• The input
======
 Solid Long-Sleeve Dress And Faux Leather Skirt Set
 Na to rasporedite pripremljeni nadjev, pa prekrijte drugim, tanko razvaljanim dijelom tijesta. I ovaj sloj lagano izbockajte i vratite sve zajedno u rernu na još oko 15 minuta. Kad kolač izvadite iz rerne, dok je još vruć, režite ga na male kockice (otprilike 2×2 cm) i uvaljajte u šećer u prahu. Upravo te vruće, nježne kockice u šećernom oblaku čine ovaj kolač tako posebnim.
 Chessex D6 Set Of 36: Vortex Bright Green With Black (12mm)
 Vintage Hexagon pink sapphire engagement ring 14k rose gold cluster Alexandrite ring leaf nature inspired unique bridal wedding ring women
======
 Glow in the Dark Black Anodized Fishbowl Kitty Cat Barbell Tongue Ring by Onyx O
======
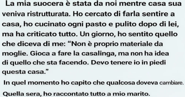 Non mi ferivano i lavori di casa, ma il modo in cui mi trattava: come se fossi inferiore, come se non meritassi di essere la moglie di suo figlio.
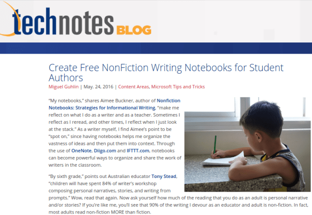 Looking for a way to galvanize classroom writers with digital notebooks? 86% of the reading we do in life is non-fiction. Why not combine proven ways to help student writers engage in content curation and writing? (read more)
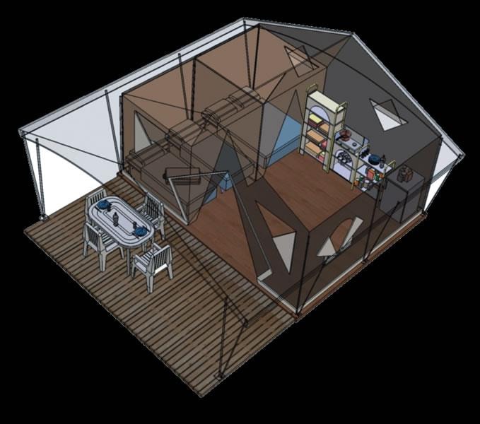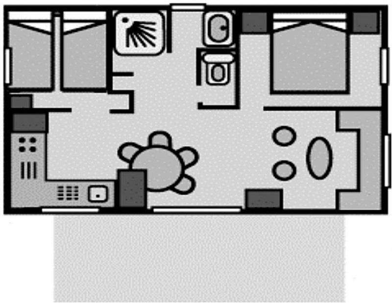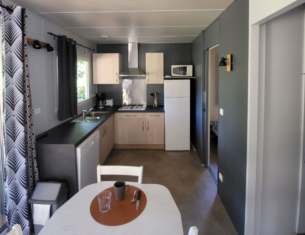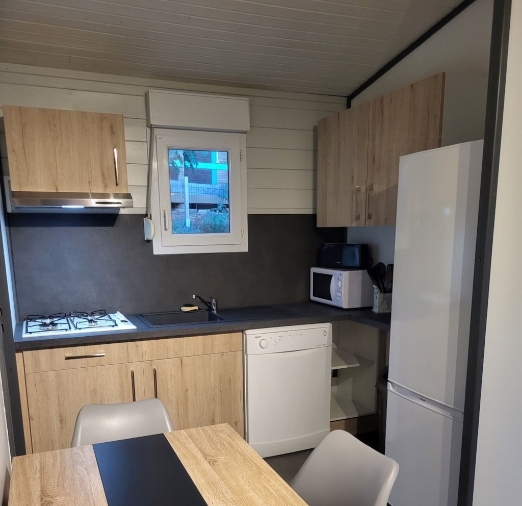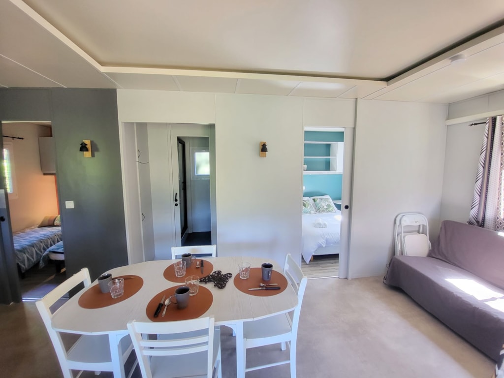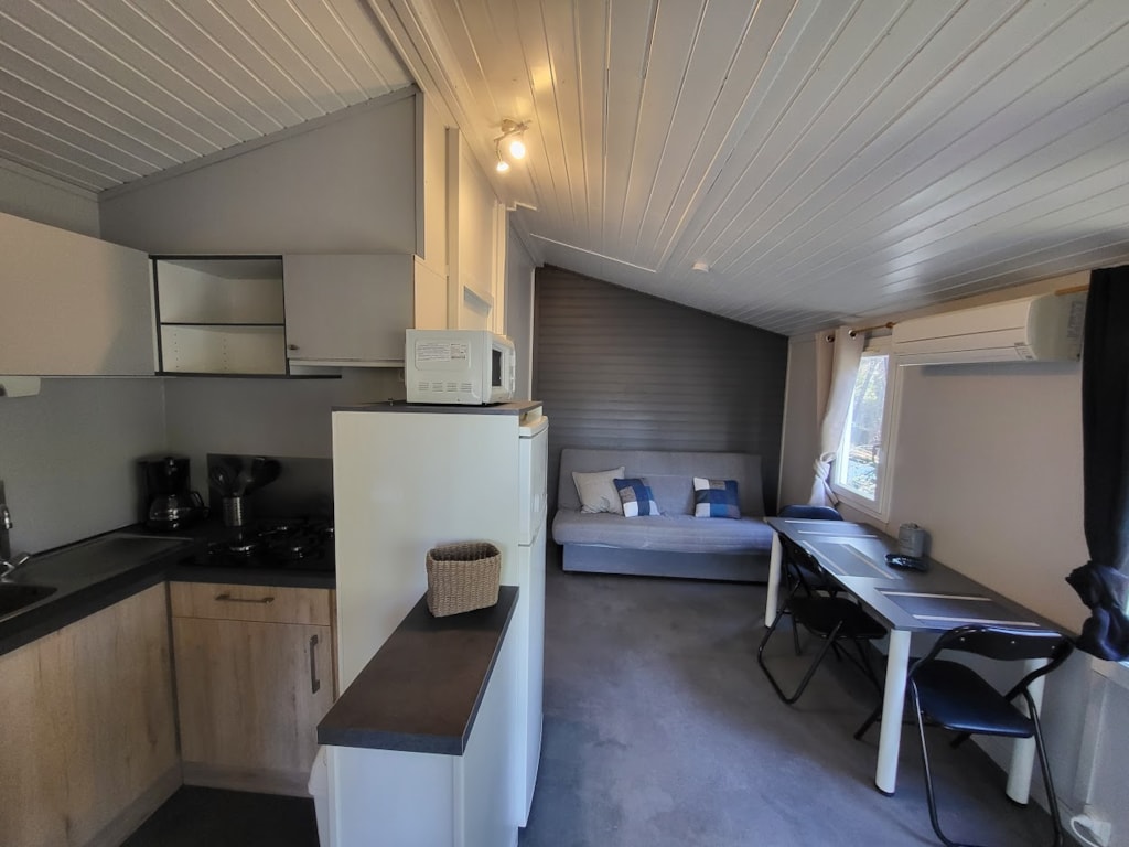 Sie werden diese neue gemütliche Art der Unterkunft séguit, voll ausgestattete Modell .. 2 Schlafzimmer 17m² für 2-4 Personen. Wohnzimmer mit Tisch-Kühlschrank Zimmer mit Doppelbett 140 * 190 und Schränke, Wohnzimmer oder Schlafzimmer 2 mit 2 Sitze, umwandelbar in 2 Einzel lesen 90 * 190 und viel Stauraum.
======
• Exercise
Each line with the word "Black" in the records above belongs in the result; copy all of them.

• Result for this exercise
 Chessex D6 Set Of 36: Vortex Bright Green With Black (12mm)
 Glow in the Dark Black Anodized Fishbowl Kitty Cat Barbell Tongue Ring by Onyx O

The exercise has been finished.